O an aklıma Kaptan Andrey'in sabah ki dehşet verici tepkilere de sahne olan garip toplantıda söylediği sözler geldi. "Bu akşam yola çıkıyoruz" demişti. Dostum Aleksy'i bir anlığına şaşkına çeviren ani bir refleks ile ayağa kalktım ve tek bir gaz lambasının dahi yakılmadığı, neredeyse tamamen karanlığa teslim olmuş kulübede paltomu aradım. Uyuduğum sırada üzerimden çıkartılmıştı ve şu an, daha önce Oleg'i yatırdığım, şimdi ise kimsenin olmadığı dağınık yatağın hemen baş köşesinde duruyordu. Onu oraya kim koymuştu? Ani bir hareketle elimi sağ cebime götürdüm ve artık varlığından rahatsızlık dahi duymaya başladığım kolyeyi aradım. Neyse ki hala yerindeydi ve gerçek sahibinin avuçları arasındaydı. Az önce ki hareketimle birlikte şaşkına dönen Aleksy hala aynı sorgulayıcı gözlerle bana bakıyordu.
  ---- Dostum, senin neyin var böyle,sakin ol, dedi tedirgin bir ses tonuyla.
  ---- Şey, ne diyordun? bir hareketlenme mi var? diye sordum. Söylediklerine anlam veremediğim bir tavırla fakat kulübeye girdiğimde uyuduğunu ve yolculuğun erkene alındığını ona söyleyemediğim aklıma geldi.
  ---- Evet, köy meydanında bir kervan hazırlığı var. Kaptan Andrey de başında ve sanırım bir yere gidecek,dedi.
  ---- Biliyorum. Yani nereye gittiğini biliyorum ve bizim de ona katılmamız gerekecek sevgili dostum, dedim ve usulca elimi sol omzuna koyup kararlı bakışlarla gözlerinin içine baktım. Beni çıkacağım bu çetin yolda yalnız bırakmayacağını biliyordum fakat aynı zamanda da hayatından endişe ediyordum. Niko'dan sonra onu da kaybetmenin acısını taşımak bana çok ağır gelebilirdi.
  ---- Her zaman seninleyim dostum. Şu koca dünyada benim senden,senin de benden başka güvenebileceğimiz kimse kalmadı. Sonunda ölüm dahi olsa seni yalnız bırakmam,dedi. Aynı kararlı tavır onda da vardı ve karşımda ki adam söylediklerinde yalan olmadığına tüm kalbimle inanabileceğim tek insandı.
  ---- Biliyorum dostum, biliyorum. Hadi hazırlanıp çıkalım,dedim ve hala elimde duran paltomu tek bir hamle ile sırtıma atıp kolumu geçirdim. Bu tek kollu hayata hiç bir zaman alışamayacakmışım gibi geliyordu fakat elimden daha fazlasının gelemeyeceğinin da farkındaydım. Tam hazırlığımızı bitirip kulübeden çıkmak için kapıya doğru yöneldiğimiz sırada, biz daha ulaşamadan kapı ardına kadar açıldı ve tüm heybetiyle gökyüzünü aydınlatan dolunayın ışığını kapatacak kadar büyük bir beden ve donuk bir çift göz içeri girdi.

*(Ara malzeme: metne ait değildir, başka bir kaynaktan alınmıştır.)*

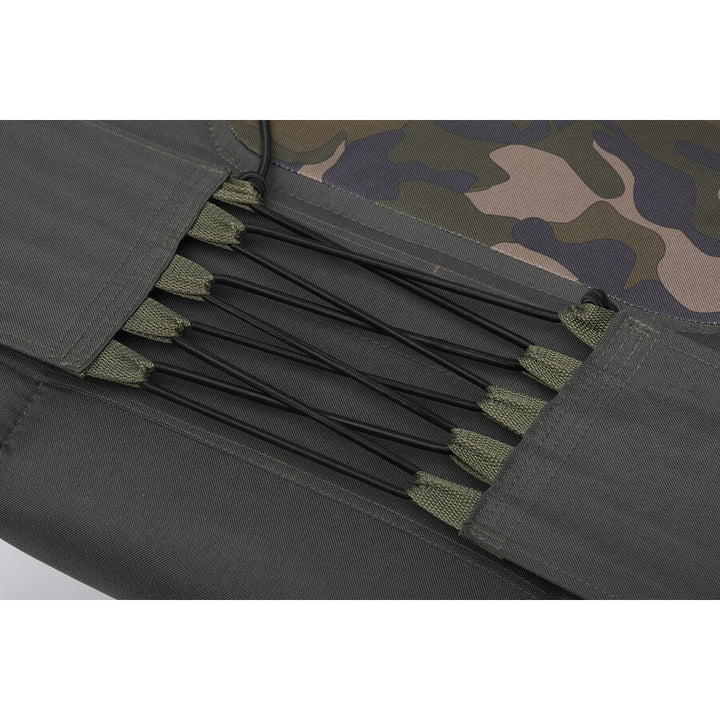 Salteaua cu formă anatomică este acoperită cu o țesătură rezistentă la apă 600D în culoare verde subtilă, cu inserții în camuflaj Avenger elegant.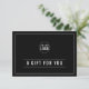 Este certificado de regalo tiene un borde blanco y líneas con un color de fondo editable (haga clic en "editar" y cambie el color de fondo) en el frente con las palabras "Un regalo para ti" en negrita y donde también puede añadir tu logotipo. Personalízalo reemplazando el texto del marcador de posición y la imagen del marcador de posición con su propio logotipo. Para obtener más opciones como cambiar el tipo de letra, su tamaño y espaciado entre letras haga clic en el botón "Personalizar". *Tenga en cuenta que la marca de agua Zazzle que aparece en la vista previa del zoom NO aparecerá en el producto impreso final. © Rosewood y Citrus

Kaptan Andrey asker üniformasını çıkartıp köylü kıyafeti giymişti ve aceleci bir hali vardı. Söyleyecekleri olmalıydı. Kısa bir süre ikimizi de baştan aşağı süzdükten sonra sakin bir tavırla konuşmasına başladı.
  ---- Ani ziyaretim için kusura bakmayın beyler ama atacağımız adımların hatasız olabilmesi için kararlarıma uyulduğundan da emin olmak zorundayım,dedi kendinden beklenilmeyecek bir nezaketle. Sözleri biter bitmezde Aleksy araya girdi.
  ---- Bizden yana bir şüpheniz olmasın Kaptan Andrey. Hazırız ve istediğiniz zaman da yola çıkabiliriz, dedi.
Bu sözlerin ardından Kaptan'ın bakışları bir anda ona yöneldi ve bir süre bekledikten sonra sakince konuşmasına devam etti.
  ---- Bu güne kadar söylediklerinize ve davranışlarınıza karşı en ufak bir şüphem asla olmadı Aleksy fakat her türlü duruma hazırlıklı olup tedbir almak zorundayız. Lütfen sizin için hazırlattığım bu kıyafetleri giyin ve en kısa zamanda da aramıza katılın. Çok geçmeden yola çıkmış oluruz,dedi ve adamlarına ellerinde ki torbaları bırakmalarını işaret etti. Ardından alelade bir baş selamı verip, iki adamını bizimle bıraktıktan sonra girdiği gibi hızlıca kulübeden çıktı ve köy meydanına doğru yöneldi.
    Davranışlarına ve tepkilerine bakılırsa bu göreve olması gerekenden çok daha fazla önem veriyordu ve sadece bu durum bile beni tedirgin etmeye yetiyordu. Ya gerçekten babamın hatırasına büyük saygı duyuyordu ya da özellikle kendi için başka planları vardı.